One often hears that, in order to understand a work of art, one needs to know its historical context. Against this historicist commonplace, a Deleuzian counter-claim would be not only that too much of a historical context can blur the proper contact with a work of art (i.e., that, in order to enact this contact, one should abstract from the work's context); even more, it is, rather, the work of art itself which provides a context enabling us to properly understand a given historical situation. If, today, someone were to visit Serbia, the direct contact with raw data there would leave him confused. If, however, he were to read a couple of literary works and see a couple of representative movies, they would definitely provide the context that would enable him to locate the raw data of his experience. There is thus an unexpected truth in the old cynical wisdom from the Stalinist Soviet Union: "he lies as an eye-witness!"


[1] Gilles Deleuze, The Logic of Sensei>, New York: Columbia University Press 1990, p. 80.

[2] Gilles Deleuze and Felix Guattari,What is Philosophy?, New York: Columbia University Press 1994, p. 59.

[3] Gilles Deleuze, Negotiationsi>, New York: Columbia University Press 1995, p. 170-171.

[4] Deleuze, op.cit., p. 171.

[5] When, in 1953, Chou En Lai, the Chinese Prime Minister, was in Geneva for the peace negotiations to end the Korean war, a French journalist asked him what does he think about the French Revolution, and Chou replied: ,,It is still too early to tell." In a way, he was right: with the disintegration of socialist states, the struggle for the historical place of the French Revolution flared up again. The liberal Rightist revisionists try to impose the notion that the demise of Communism in 1989 occurred at exactly the right moment: it marked the end of the era which began in 1789. In short, what effectively vanished from history was the revolutionary model which first entered the scene with the Jacobins. François Furet and others thus try to deprive the French Revolution of its status as the founding event of modern democracy, relegating it to a historical anomaly.

[6] Authentic fidelity is the fidelity to the void itself - to the very act of loss, of abandoning/erasing the object. Why should the dead be the object of attachment in the first place? The name for this fidelity is death drive. In the terms of dealing with the dead, one should, perhaps, - against the work of mourning as well as against the melancholic attachment to the dead who return as ghosts - assert the Christian motto "let the dead bury their dead." The obvious reproach to this motto is: what are we to do when, precisely, the dead do not accept to stay dead, but continue to live in us, haunting us by their spectral presence? Here, one is tempted to claim that the most radical dimension of the Freudian death drive provides the key to how are we to read the Christian "let the dead bury their dead": what death drive tries to obliterate is not the biological life, but the very afterlife - it endeavors to kill the lost object the second time, not in the sense of mourning (accepting the loss through symbolization), but in a more radical sense of obliterating the very symbolic texture, the letter in which the spirit of the dead survives.

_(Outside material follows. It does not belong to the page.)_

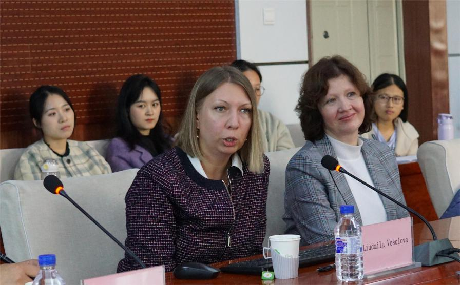 在交流互动环节,维塞洛娃教授围绕现场师生所提出的中俄关系问题进行了有益探讨,并对中俄关系的未来发展作出了积极展望。期间,俄罗斯国立高等经济大学国际处处长玛利亚·基谢廖娃(Maria Kiseleva)女士也介绍了俄罗斯留学及校际学术交流相关事宜,她热情欢迎成人抖音

[7] G.K.Chesterton, Orthodoxy, San Francisco: Ignatius Press 1995, p. 16.

[8] For a more detailed account of this move, see Chapter 3 of Slavoj Zizek, The Puppet and the Dwarf, Cambridge: MIT Press 2003.

[9] This holds even if we reformulate the Universal in the Laclauian sense of empty signifier caught in the struggle for hegemony: the universal singularity is not the empty universal signifier filled in - hegemonized by - some particular content. It is almost its obverse: a singularity which explodes the given contours of the universality in question and opens it up to a radically new content.